8. Breyer consistently supported abortion—including partial birth abortion.

Throughout his time on the Court, Breyer was an unapologetic defender of the right to abortion. He was the lead author of two court majorities in defense of abortion rights, in 2000 and 2016, and has never voted to sustain a restriction on abortion. In the 2000 case of Stenberg v. Carhart, Breyer wrote that that criminalizing the performance of partial birth abortions violated the U.S. Constitution, as interpreted in Casey and Roe. “All those who perform abortion procedures using that method must fear prosecution, conviction, and imprisonment,” wrote Breyer, claiming this results in “an undue burden upon a woman’s right to make an abortion decision.” Justice Antonin Scalia’s dissent concluded that “[t]he notion that the Constitution of the United States. . . prohibits the States from simply banning this visibly brutal means of eliminating our half-born posterity is quite simply absurd.”

9. Breyer was mostly pro-religion—though not pro-mainstream Christian.

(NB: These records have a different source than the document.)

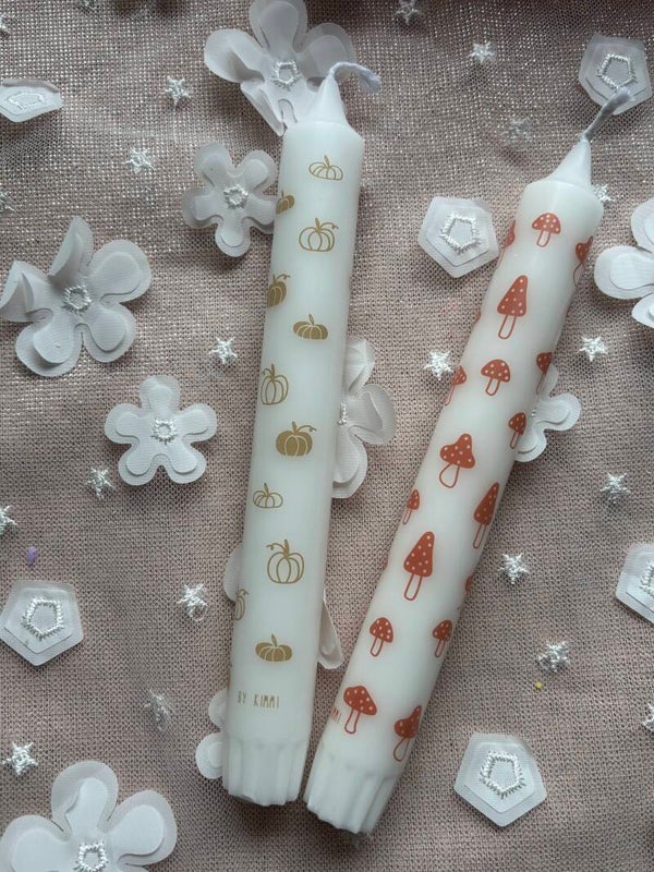 Helemaal klaar voor het najaar 2024 met deze leuke dinerkaarsen van Rustik Lys met een paddenstoelen printje. Gemaakt van stearine, een natuurlijk materiaal, waardoor deze kaarsen eco-friendly zijn. Versierd met de handgetekende By Kimmi printjes ontpopt deze dinerkaars zich ineens als een ware eyecatcher. Licht uit, kaars aan!
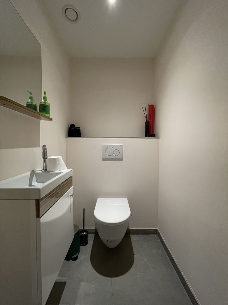 - WC séparé: (1.39x1.16) 1.61m2, carrelage, WC suspendu Geberit, meuble lavabo
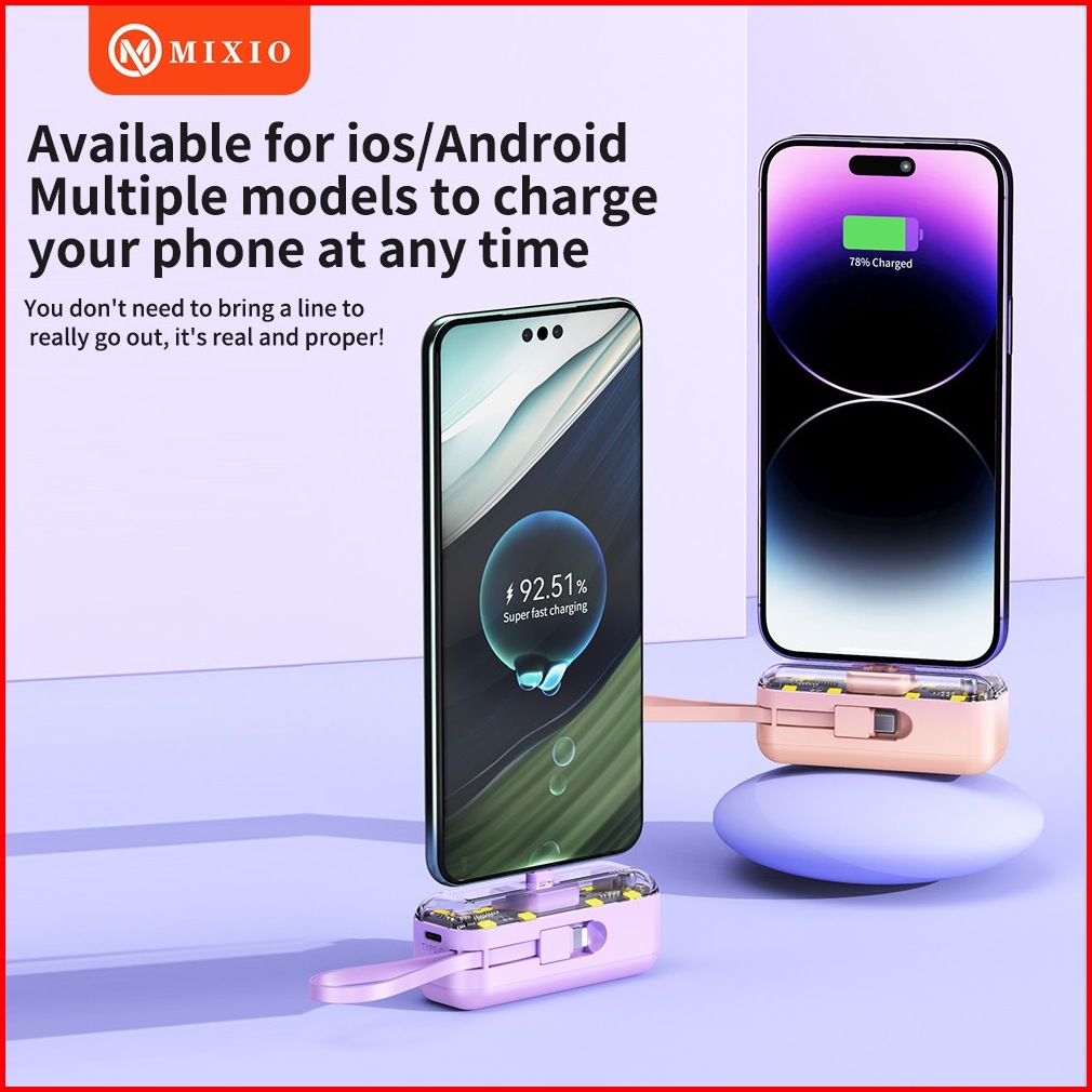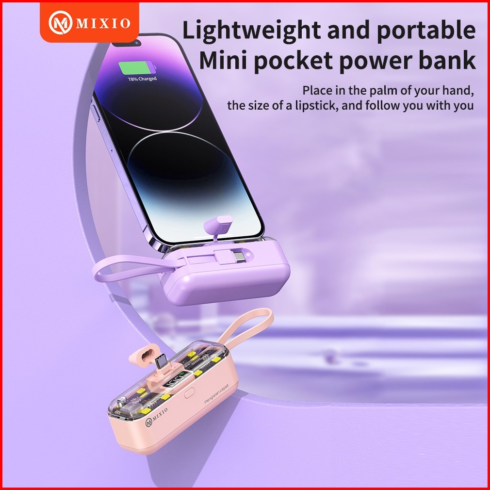 Mixio Mp-04 Powerbank 5000mah Portable Mini Transparan Lightning Ios Type C Pd Fast Charging With Led
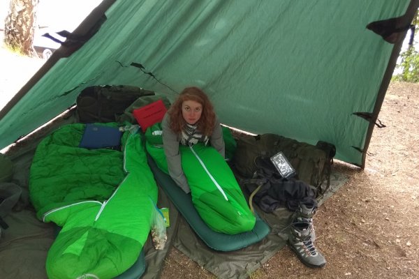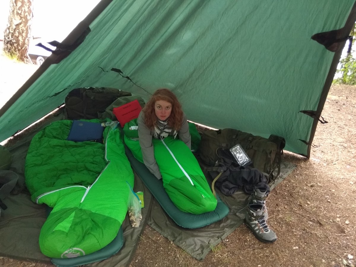 Nach dem Lagerbau erkundeten wir auf der Suche nach zwei für Stockbrot geeigneten Stöckchen die Umgebung. Anschließend kümmerte Natalie sich wieder um unser Mittagessen und ich reparierte meine Iso-Matte:

A study by Lee Epstein and Eric A. Posner found that Breyer supported the pro-religion side 62.1 percent of the time. But when a case represented a mainstream Christian view, Breyer supported that side only 44 percent of the time. “Breyer and Kagan occasionally sided with the conservative majority, and even when they dissented, they were less scathing than Ginsburg and Sotomayor,” write Epstein and Posner. “While Breyer and Kagan tended to concur on technical grounds, one senses that they felt less hostility toward religious individuals and organizations who believed that they faced discrimination from secular authorities.”